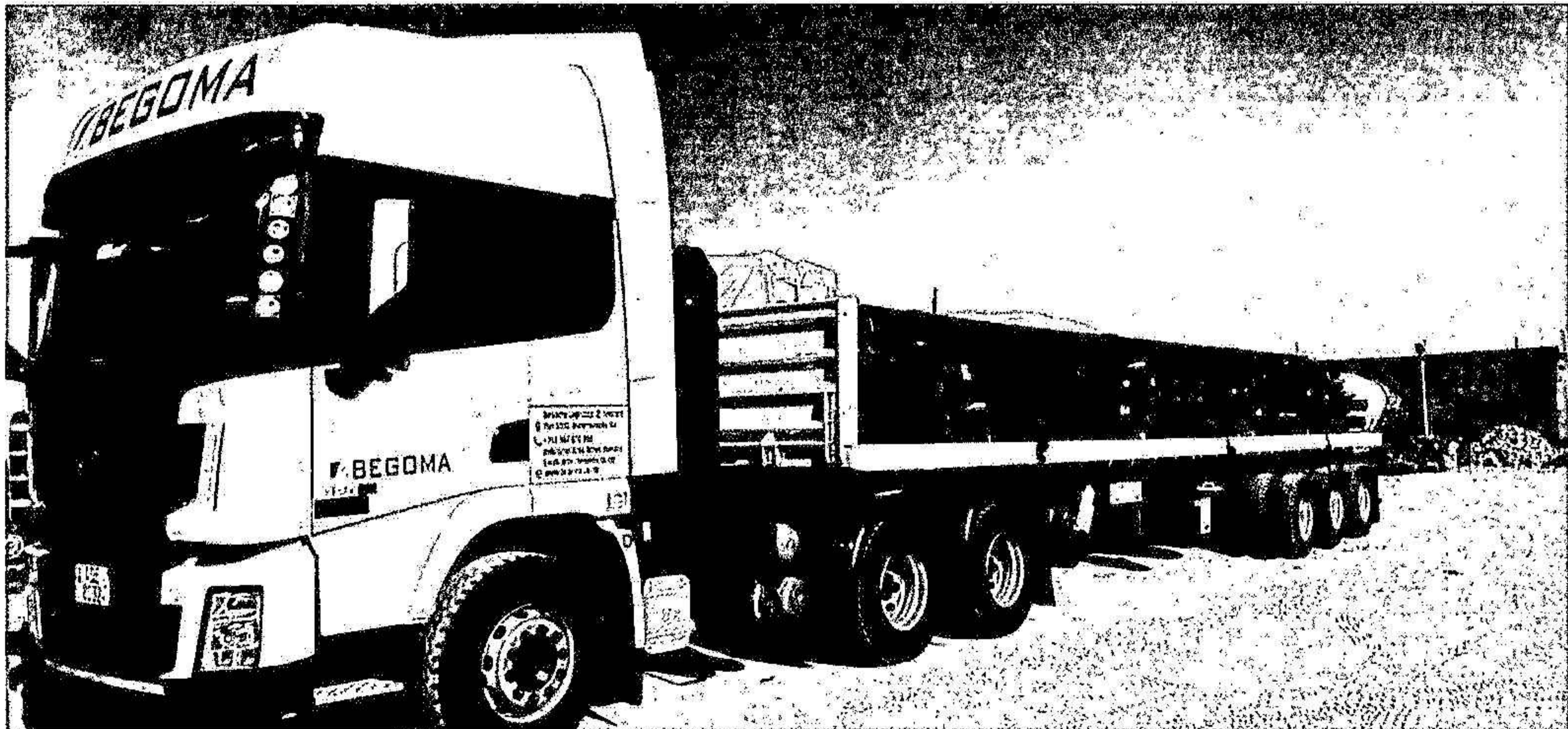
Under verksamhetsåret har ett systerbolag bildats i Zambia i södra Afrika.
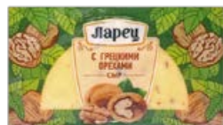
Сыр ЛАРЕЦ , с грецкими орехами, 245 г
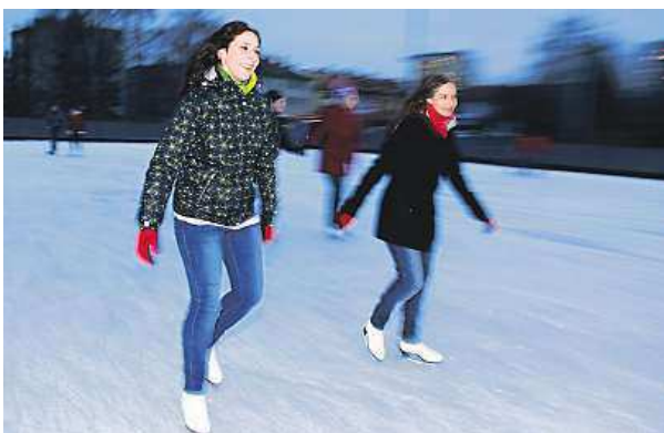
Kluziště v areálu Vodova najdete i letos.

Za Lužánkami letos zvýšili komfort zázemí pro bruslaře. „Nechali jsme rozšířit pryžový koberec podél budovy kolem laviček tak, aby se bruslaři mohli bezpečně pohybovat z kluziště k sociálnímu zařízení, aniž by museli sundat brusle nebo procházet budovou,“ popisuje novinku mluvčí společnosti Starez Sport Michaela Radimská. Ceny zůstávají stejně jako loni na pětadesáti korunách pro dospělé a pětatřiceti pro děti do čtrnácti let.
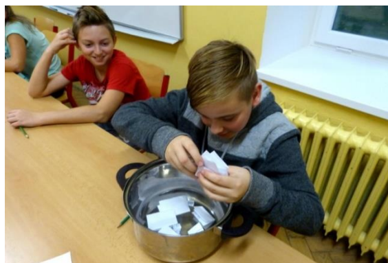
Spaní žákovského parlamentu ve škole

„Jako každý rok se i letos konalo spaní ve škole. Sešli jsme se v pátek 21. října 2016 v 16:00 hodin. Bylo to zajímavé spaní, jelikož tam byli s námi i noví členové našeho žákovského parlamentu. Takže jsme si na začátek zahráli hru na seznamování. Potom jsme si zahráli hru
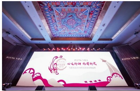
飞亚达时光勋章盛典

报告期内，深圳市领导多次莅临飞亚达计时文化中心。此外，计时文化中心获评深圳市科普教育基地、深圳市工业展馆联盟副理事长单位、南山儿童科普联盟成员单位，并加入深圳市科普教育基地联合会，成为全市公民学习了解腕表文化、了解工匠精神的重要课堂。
————————
#### Work instruction
Excluding all pictures, reproduce the records exactly as they appear above.

#### Solution for this task
Under verksamhetsåret har ett systerbolag bildats i Zambia i södra Afrika.
Сыр ЛАРЕЦ , с грецкими орехами, 245 г
Kluziště v areálu Vodova najdete i letos.

Za Lužánkami letos zvýšili komfort zázemí pro bruslaře. „Nechali jsme rozšířit pryžový koberec podél budovy kolem laviček tak, aby se bruslaři mohli bezpečně pohybovat z kluziště k sociálnímu zařízení, aniž by museli sundat brusle nebo procházet budovou,“ popisuje novinku mluvčí společnosti Starez Sport Michaela Radimská. Ceny zůstávají stejně jako loni na pětadesáti korunách pro dospělé a pětatřiceti pro děti do čtrnácti let.
Spaní žákovského parlamentu ve škole

„Jako každý rok se i letos konalo spaní ve škole. Sešli jsme se v pátek 21. října 2016 v 16:00 hodin. Bylo to zajímavé spaní, jelikož tam byli s námi i noví členové našeho žákovského parlamentu. Takže jsme si na začátek zahráli hru na seznamování. Potom jsme si zahráli hru
飞亚达时光勋章盛典

报告期内，深圳市领导多次莅临飞亚达计时文化中心。此外，计时文化中心获评深圳市科普教育基地、深圳市工业展馆联盟副理事长单位、南山儿童科普联盟成员单位，并加入深圳市科普教育基地联合会，成为全市公民学习了解腕表文化、了解工匠精神的重要课堂。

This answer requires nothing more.